- 15
- September
2011
Where do you go, when you're a registered sex offender and you've done your time behind bars?
Being convicted of a sex offense has many possible consequences. Jail or prison is only one of them. There is also the possible impact on employment and housing opportunities.
The housing problem is becoming more and more challenging. Many municipalities have ordinances restricting where people on the sex offender registry can live. In Portland, in particular, the effective of the restrictive ordinances often seems like a modern-day form of exile.
And there's the problem of homelessness. If you are on the sex offender registry, you are required to notify law enforcement officials of your address.
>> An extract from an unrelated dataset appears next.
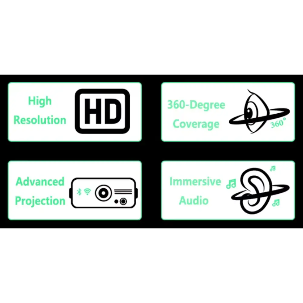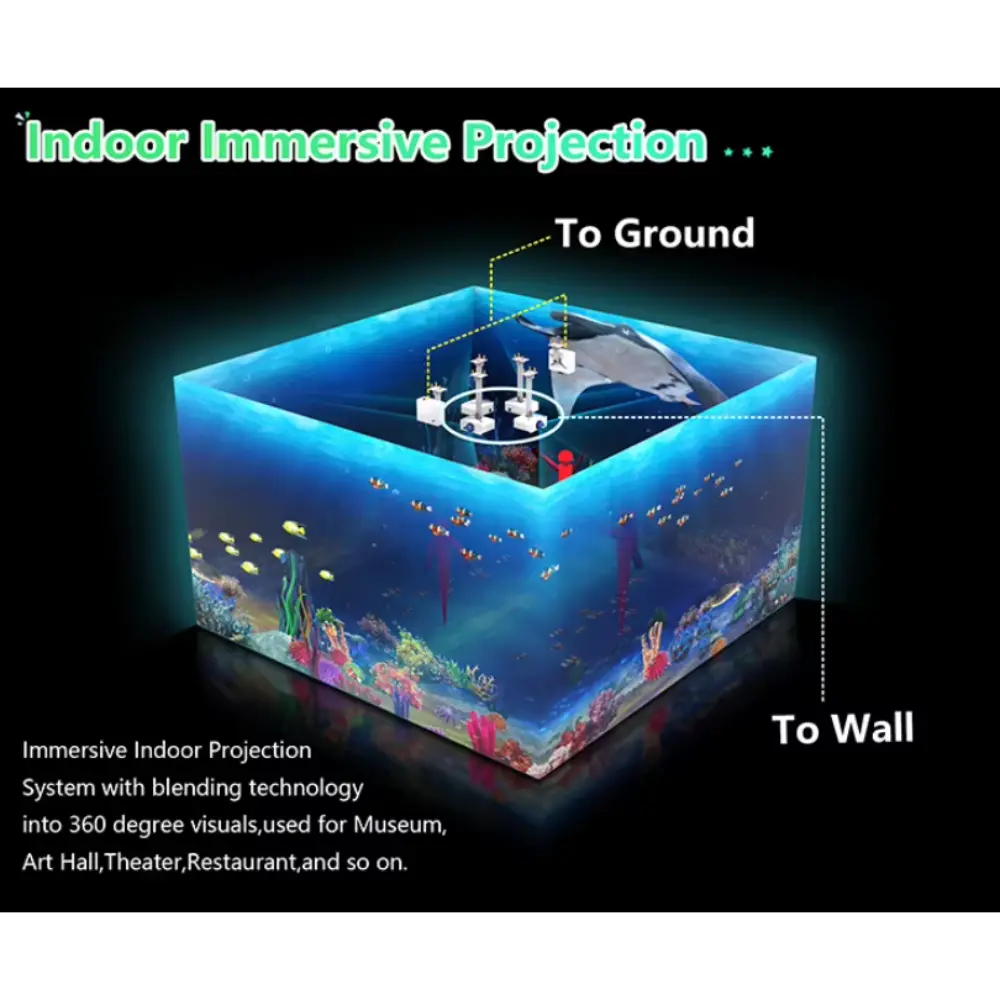 • Projection Type: Full-room coverage (walls, floor, ceiling)

But how do you do that if you are homeless?
The number of registered sex offenders in Oregon is, in round numbers, 18,000. A substantial segment of that group is homeless, though no one knows exactly how many.
The Oregonian recently profiled one such homeless ex-offender, a 51-year-old man named Robert Corry. He sleeps in a battered 1985 vehicle on a lot in Salem near a cluster of Marion County buildings that include the jail and community supervision offices. He previously parked amid the RVs at a Wal-Mart.
The manager of the Oregon sex offender registry, Vi Beaty, says tracking homeless sex offenders is a national problem. "Nobody really has a good answer for it," Beaty said. "We have people registered under bridges. If they sleep in a parking lot or rest area it would not surprise me."
Corry served six years in prison for sex abuse before he was released in 2009.